The Capped Bust Quarter

Chaos in Europe brought many new settlers to the United States. Among them was a German engraver called John Reich, who applied for a job at the US Mint and was hired in 1807. The Capped Bust quarter is his design.

Capped Bust Quarter Design

Reich injected Europe into his design. The obverse of the coin shows a quite buxom Liberty surrounded by 13 stars with the date placed below. She is wearing a mob cap inscribed with the word LIBERTY.

The reverse of the coin features an eagle with its wings outstretched, perched on a branch, and holding three arrows. The Union Shield is also on its breast and the words E PLURIBUS UNUM written on a scroll above it. The words UNITED STATES OF AMERICA appear on the border.

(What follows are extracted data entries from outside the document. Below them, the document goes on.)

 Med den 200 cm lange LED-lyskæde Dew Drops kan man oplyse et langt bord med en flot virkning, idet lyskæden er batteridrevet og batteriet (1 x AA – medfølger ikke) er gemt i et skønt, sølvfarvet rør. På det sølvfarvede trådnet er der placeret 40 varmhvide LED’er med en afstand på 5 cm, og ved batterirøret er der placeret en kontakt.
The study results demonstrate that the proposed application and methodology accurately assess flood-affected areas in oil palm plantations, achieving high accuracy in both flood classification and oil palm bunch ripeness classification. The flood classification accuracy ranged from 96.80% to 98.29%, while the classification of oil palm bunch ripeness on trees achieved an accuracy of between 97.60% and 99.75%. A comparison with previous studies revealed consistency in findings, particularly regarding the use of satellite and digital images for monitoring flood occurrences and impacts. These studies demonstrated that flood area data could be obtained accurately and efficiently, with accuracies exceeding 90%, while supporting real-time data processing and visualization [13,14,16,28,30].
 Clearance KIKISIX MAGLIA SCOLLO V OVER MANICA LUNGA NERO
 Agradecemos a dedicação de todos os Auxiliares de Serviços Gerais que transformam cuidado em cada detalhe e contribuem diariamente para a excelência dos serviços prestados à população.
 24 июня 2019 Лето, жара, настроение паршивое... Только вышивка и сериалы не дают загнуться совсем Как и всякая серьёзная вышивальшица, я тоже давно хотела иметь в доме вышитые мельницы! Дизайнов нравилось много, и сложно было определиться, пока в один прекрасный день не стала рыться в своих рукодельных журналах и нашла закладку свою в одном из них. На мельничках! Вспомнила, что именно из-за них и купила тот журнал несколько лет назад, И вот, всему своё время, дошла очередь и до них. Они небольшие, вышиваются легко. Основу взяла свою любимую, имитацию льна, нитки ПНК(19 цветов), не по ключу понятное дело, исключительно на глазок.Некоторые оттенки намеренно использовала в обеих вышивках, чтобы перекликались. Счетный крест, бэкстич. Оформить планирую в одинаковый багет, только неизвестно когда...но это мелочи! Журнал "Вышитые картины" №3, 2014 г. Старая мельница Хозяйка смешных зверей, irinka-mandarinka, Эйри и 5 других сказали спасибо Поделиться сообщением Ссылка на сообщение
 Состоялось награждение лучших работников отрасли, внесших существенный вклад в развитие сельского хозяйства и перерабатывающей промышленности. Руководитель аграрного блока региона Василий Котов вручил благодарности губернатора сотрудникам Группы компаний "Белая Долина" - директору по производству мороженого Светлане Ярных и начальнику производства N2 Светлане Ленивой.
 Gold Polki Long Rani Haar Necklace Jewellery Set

Capped Bust quarters were produced for 11 years, but only in small quantities. The end of its production also marked the end for the first building of the Philadelphia Mint. A new building was being constructed and with that came a new design by Mint Engraver William Kneass.

The Capped Bust, Small Diameter quarter was produced in 1831. Like its name suggests, it is smaller than its predecessor and comes without the motto E PLURIBUS UNUM. The Small Diameter coin was only struck for eight years, but all in the Philadelphia Mint. What makes this particular coin special is the mechanical improvements it made, which became the basis of all US coins created after 1836.

Although considered “advanced”, the coin would stop being produced in 1838 to make way for a new Seated Liberty Design by Christian Gobrecht.